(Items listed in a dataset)
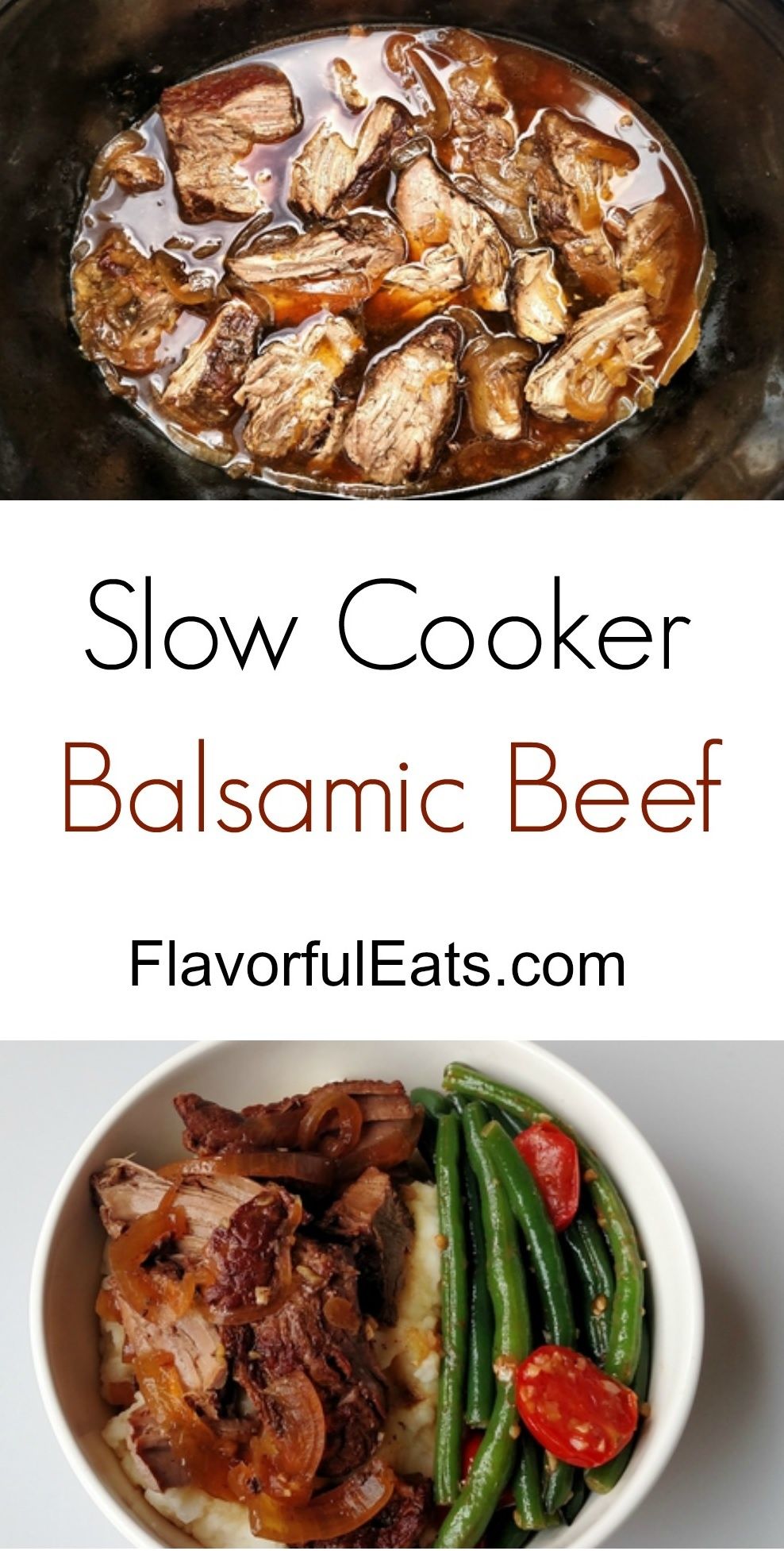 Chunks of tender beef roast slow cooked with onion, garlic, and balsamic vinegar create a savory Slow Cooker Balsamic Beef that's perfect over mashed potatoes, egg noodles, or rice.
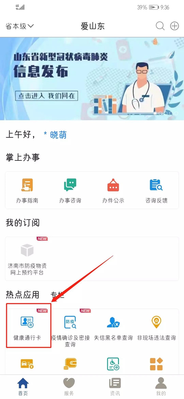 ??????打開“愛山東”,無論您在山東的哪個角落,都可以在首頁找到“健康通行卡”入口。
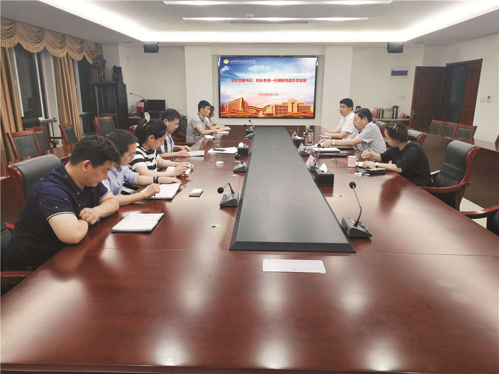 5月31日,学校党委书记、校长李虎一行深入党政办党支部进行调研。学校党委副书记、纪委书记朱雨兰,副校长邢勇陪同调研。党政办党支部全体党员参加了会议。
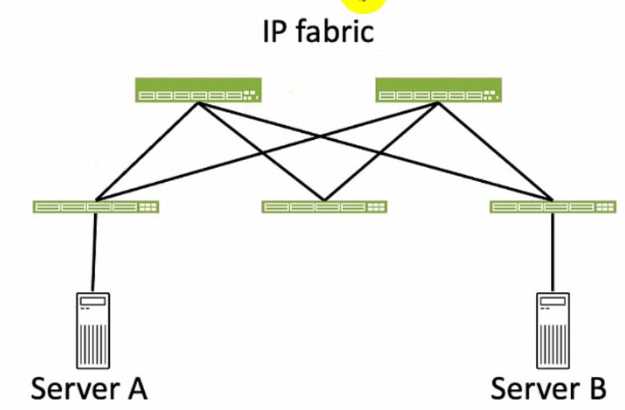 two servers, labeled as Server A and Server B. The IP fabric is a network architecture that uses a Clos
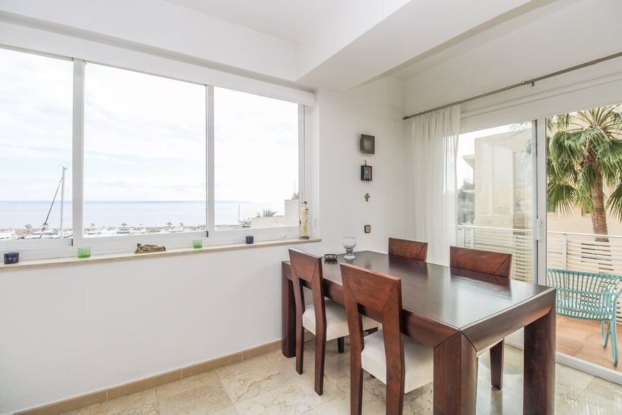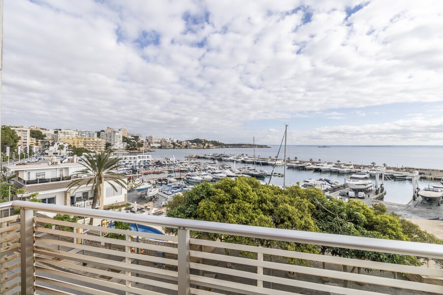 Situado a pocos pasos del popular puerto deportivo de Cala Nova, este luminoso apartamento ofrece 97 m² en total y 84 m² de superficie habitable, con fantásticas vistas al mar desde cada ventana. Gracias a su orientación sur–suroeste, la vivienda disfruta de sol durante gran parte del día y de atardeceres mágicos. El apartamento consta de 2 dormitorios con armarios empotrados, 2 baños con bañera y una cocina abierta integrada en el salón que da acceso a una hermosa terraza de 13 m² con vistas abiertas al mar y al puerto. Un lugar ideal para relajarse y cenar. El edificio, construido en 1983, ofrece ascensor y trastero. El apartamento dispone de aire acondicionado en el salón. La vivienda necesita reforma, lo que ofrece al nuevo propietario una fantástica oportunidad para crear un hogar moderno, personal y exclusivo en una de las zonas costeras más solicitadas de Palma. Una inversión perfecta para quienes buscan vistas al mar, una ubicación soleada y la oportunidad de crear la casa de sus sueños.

• PROBLEM DETAILS
Which lines run from the one containing "two servers, labeled" through the last line of the entries above? Output them exactly, both ends included, with no pictures.

• WRITTEN ANSWER
 two servers, labeled as Server A and Server B. The IP fabric is a network architecture that uses a Clos
 Situado a pocos pasos del popular puerto deportivo de Cala Nova, este luminoso apartamento ofrece 97 m² en total y 84 m² de superficie habitable, con fantásticas vistas al mar desde cada ventana. Gracias a su orientación sur–suroeste, la vivienda disfruta de sol durante gran parte del día y de atardeceres mágicos. El apartamento consta de 2 dormitorios con armarios empotrados, 2 baños con bañera y una cocina abierta integrada en el salón que da acceso a una hermosa terraza de 13 m² con vistas abiertas al mar y al puerto. Un lugar ideal para relajarse y cenar. El edificio, construido en 1983, ofrece ascensor y trastero. El apartamento dispone de aire acondicionado en el salón. La vivienda necesita reforma, lo que ofrece al nuevo propietario una fantástica oportunidad para crear un hogar moderno, personal y exclusivo en una de las zonas costeras más solicitadas de Palma. Una inversión perfecta para quienes buscan vistas al mar, una ubicación soleada y la oportunidad de crear la casa de sus sueños.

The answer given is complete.